Abstract
It is generally believed that surface-based representations bridge the perceptual gap between low-level image features and high-level scene categories. Here we propose a new method to investigate these representations.
First we show that the perception of complex 3D surface configurations can occur in a purely top-down manner, that is in the absence of structured local signals. Observers were asked to indicate the presence or absence of a such a configuration (a large ‘+’ in relief) in random-dot stereograms which, unbeknownst to them, contained only disparity white noise. Both halves of the random-dot stereograms subtended 2.470 × 2.470 deg of visual angle and were composed of a white background filled with 700 black texture elements each spanning 0.048 × 0.048 deg of visual angle (3 × 3 pixels). Each texture element was randomly positioned in the left eye and was shifted in the right eye equiprobably by either −0.963 (one pixel to the left) or 0.963 (one pixel to the right) arcmin. The number of texture elements (average black to white pixel ratio = 0.232) and their perceived depth (approximately 9 mm in front or behind the screen) were chosen such that a noisy cloud of dots was the dominant percept. Even though no signal was ever presented, observers detected, and reported that they could see, the target in an important proportion of the 20 000 stereograms to which they were exposed.

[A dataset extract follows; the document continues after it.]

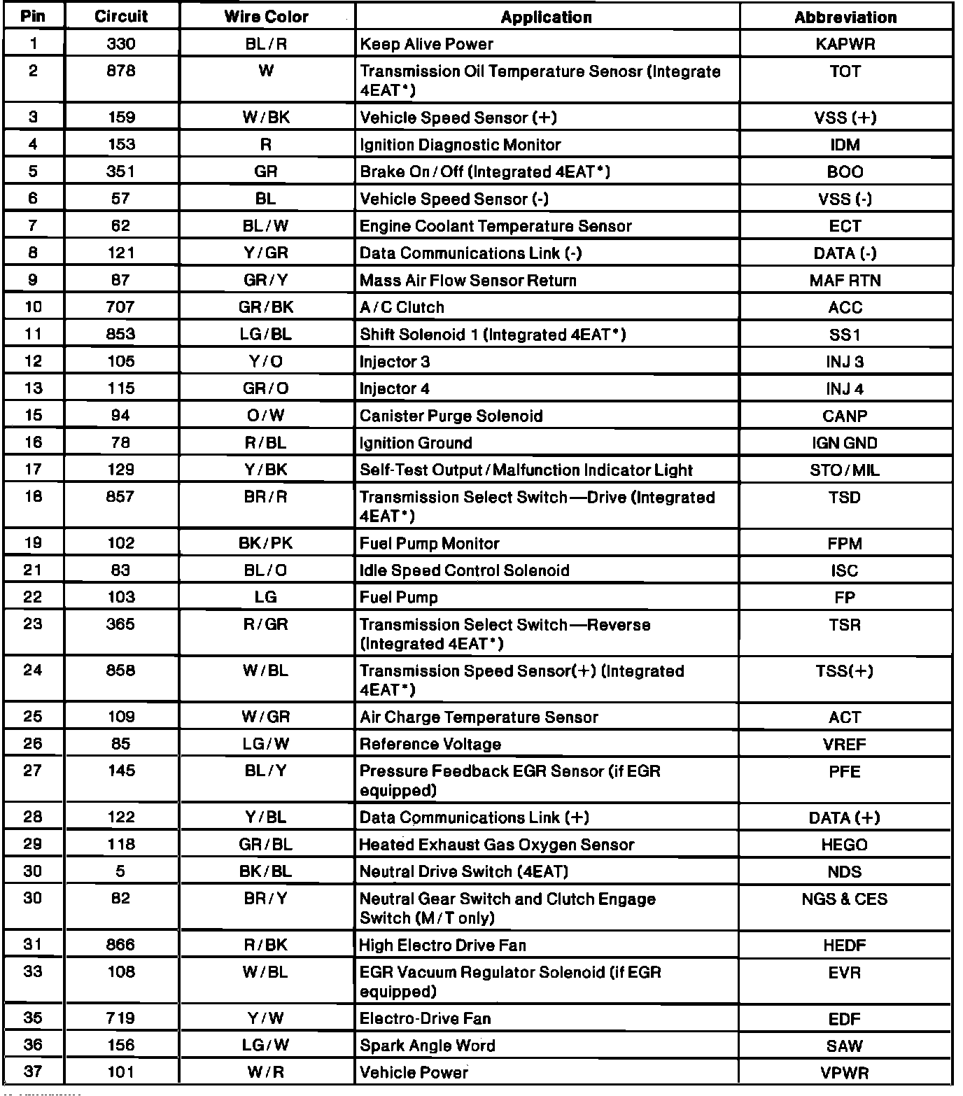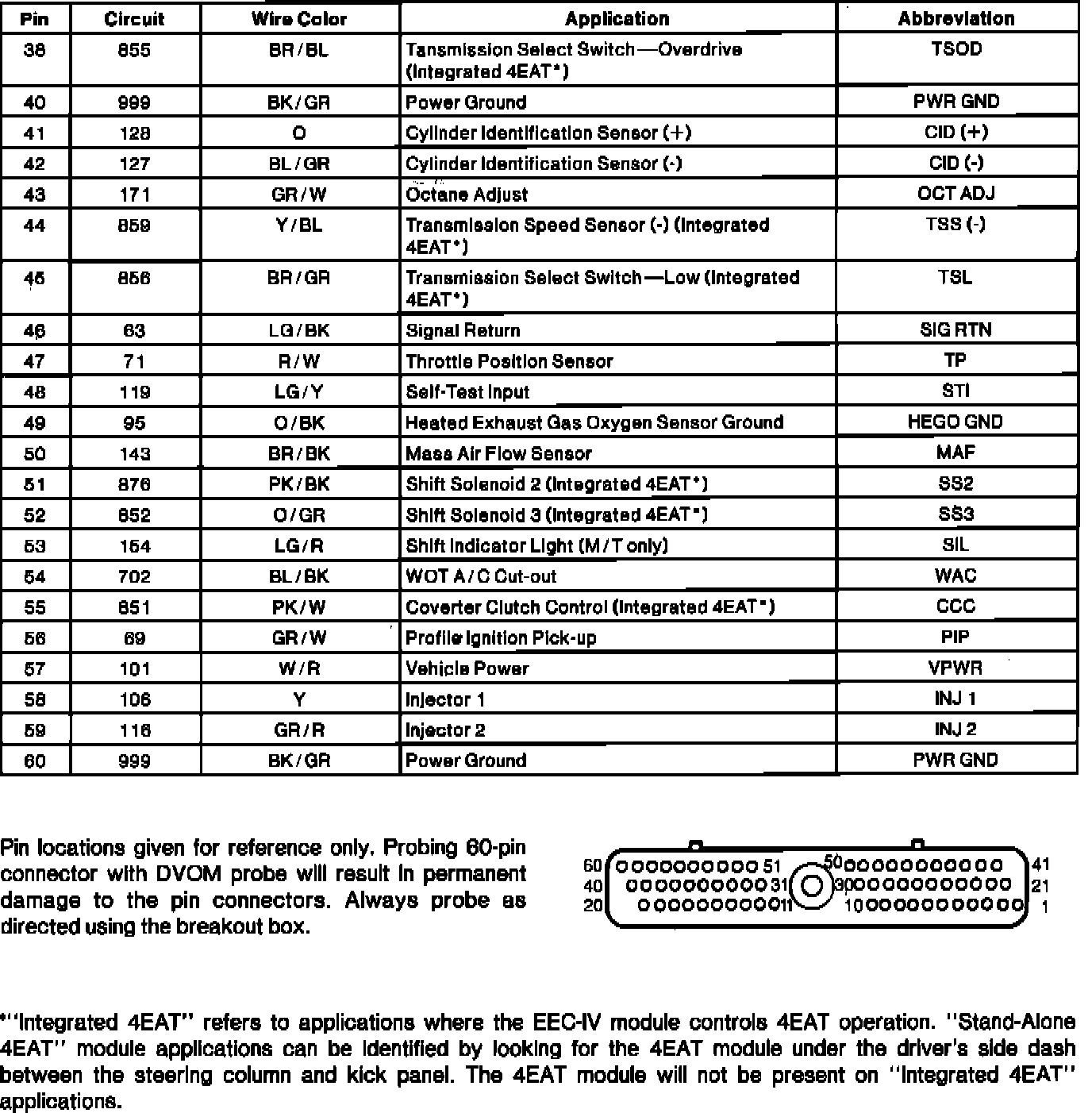 Electronic Engine Controller (EEC) Connector Pinout: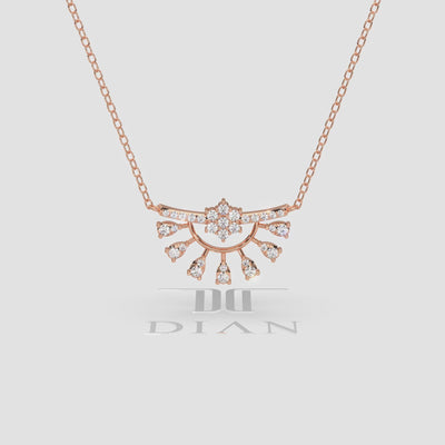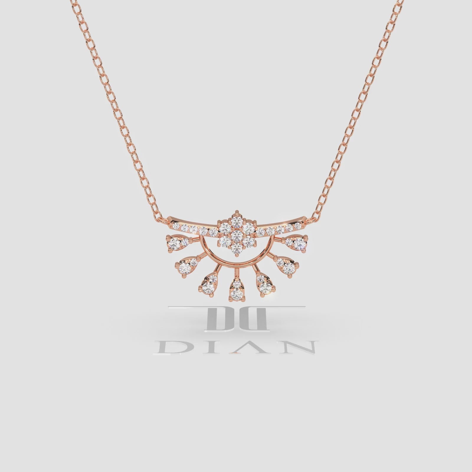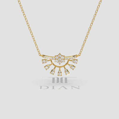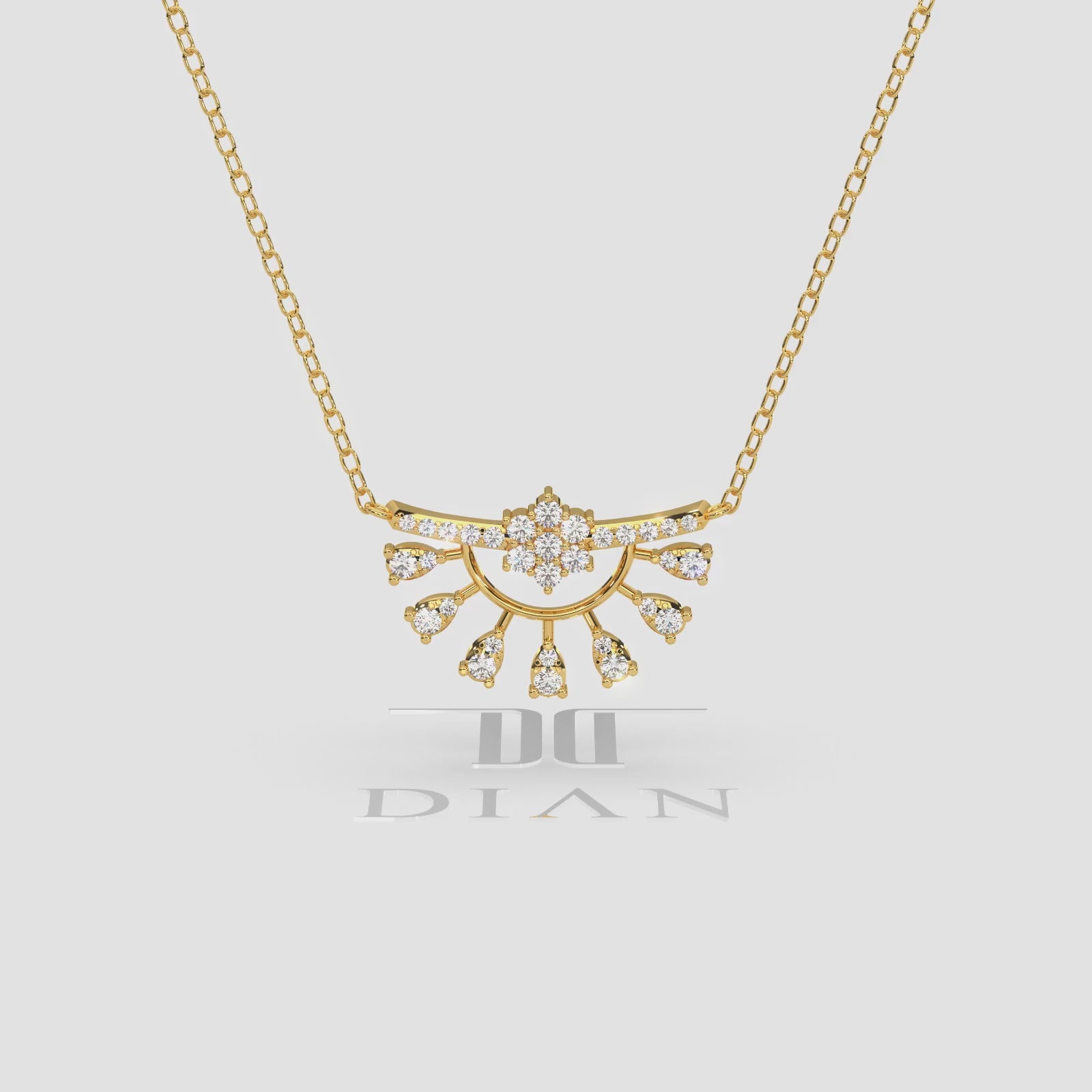Elevate your style with our exquisite 18K yellow gold necklace featuring a stunning rising sun design adorned with sparkling diamonds. This elegant diamond pendant is perfect for adding a touch of timeless sophistication to any outfit, making it an ideal gift or a cherished addition to your fine jewelry collection. Crafted for lasting beauty and brilliance.

Second, using least-square multiple regression, we revealed the internal 3D surface representations, or more precisely the Wiener kernels, that best accounted for the observers' responses in the least square sense. The templates were shown to be spatially well defined and to be very stable across trials. Multiple regression has therefore allowed us to reveal pure (uncorrupted by low-level signal) 3D internal surface representations.
Supported by: NSERC PDF — 242082 — 2001 to BB; HFSP RG0109/1999-B to PM.